Assignment
Your answer must be the data repeated exactly, with no pictures in it.

Provided data
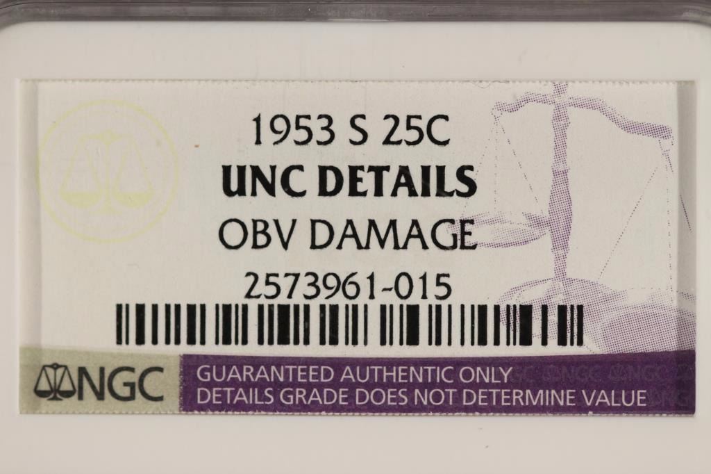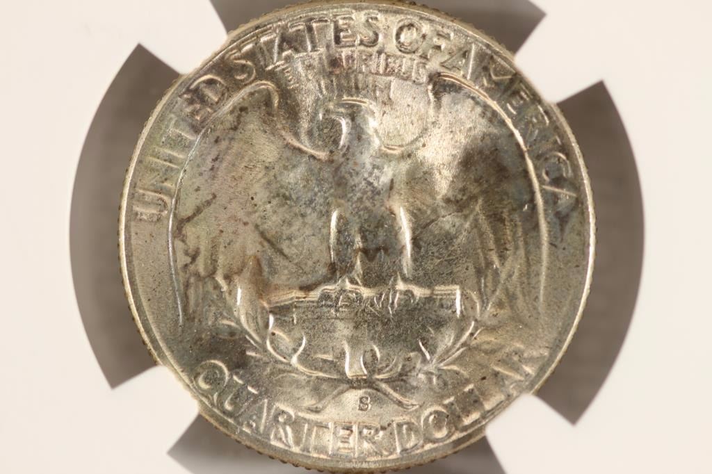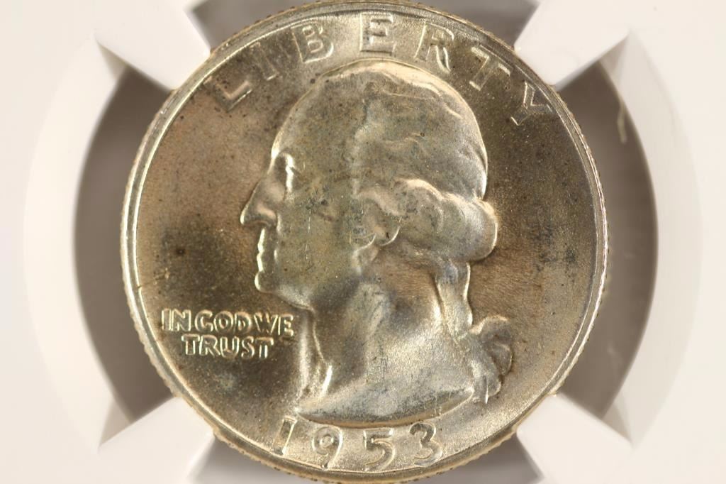1953-S WASHINGTON SILVER QUARTER NGC UNC DETAILS
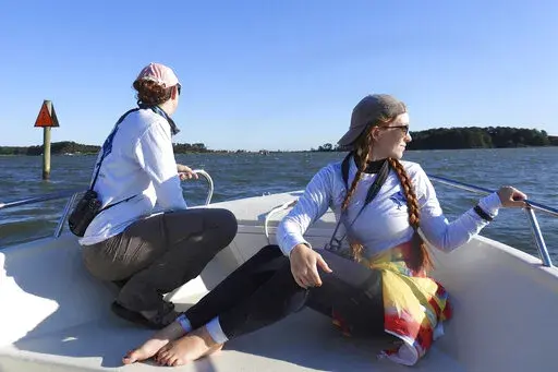 On mornings with light wind, the scientists set out in an 18-foot (5.5-meter) skiff to look for dolphins near where the Potomac River empties into the bay.
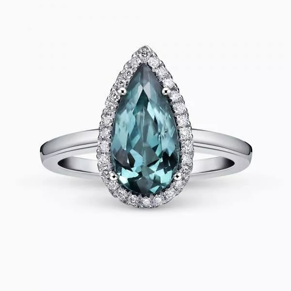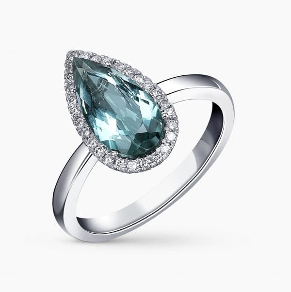 1.60Ct. Pear Shaped Tourmaline stone with 0.17Ct. Diamond setting mounted in a 14K White gold Ring.
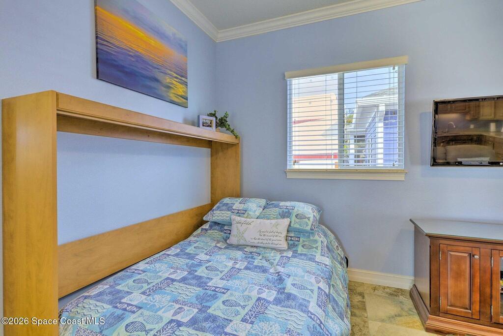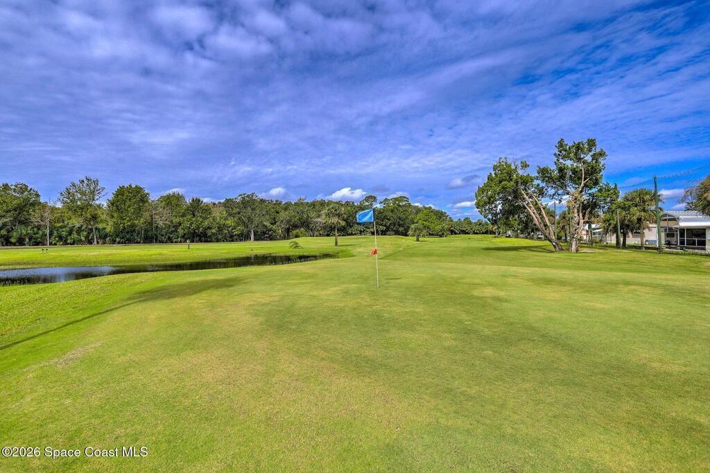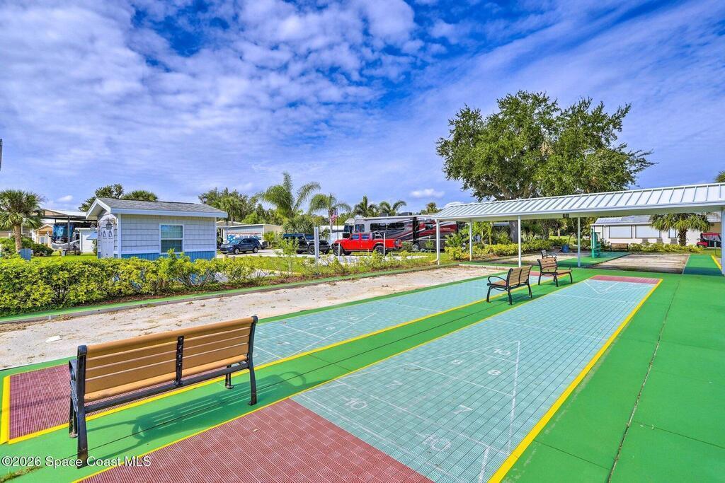 The shell house! The stucco has sea shells incorporated into it. RV Resort living at this active 55+ community for year round or seasonal use. This lot will accommodate any size or style RV with additional hookups for water, sewer, electricity and cable. . This cute, roomy cottage has a master bedroom and an additional bonus room that could be used for sleeping. It is being offered furnished turn-key. You could rent the property short or long term while you aren't using it. In fact, there is a rental manager in place, which could continue. There is a gated entry and and an executive golf course on the property. Amenities include a clubhouse, heated pool, tennis, pickleball, shuffleboard, bocce and tennis. The community is close to airports, theme parks, beaches, shopping and restaurants. Watch the rocket launches from your own yard. The inexpensive association dues cover deluxe cable, your own internet modem/router, sewer, water, trash removal, lawn care and access to common area.

Solution to the exercise
1953-S WASHINGTON SILVER QUARTER NGC UNC DETAILS
 On mornings with light wind, the scientists set out in an 18-foot (5.5-meter) skiff to look for dolphins near where the Potomac River empties into the bay.
 1.60Ct. Pear Shaped Tourmaline stone with 0.17Ct. Diamond setting mounted in a 14K White gold Ring.
 The shell house! The stucco has sea shells incorporated into it. RV Resort living at this active 55+ community for year round or seasonal use. This lot will accommodate any size or style RV with additional hookups for water, sewer, electricity and cable. . This cute, roomy cottage has a master bedroom and an additional bonus room that could be used for sleeping. It is being offered furnished turn-key. You could rent the property short or long term while you aren't using it. In fact, there is a rental manager in place, which could continue. There is a gated entry and and an executive golf course on the property. Amenities include a clubhouse, heated pool, tennis, pickleball, shuffleboard, bocce and tennis. The community is close to airports, theme parks, beaches, shopping and restaurants. Watch the rocket launches from your own yard. The inexpensive association dues cover deluxe cable, your own internet modem/router, sewer, water, trash removal, lawn care and access to common area.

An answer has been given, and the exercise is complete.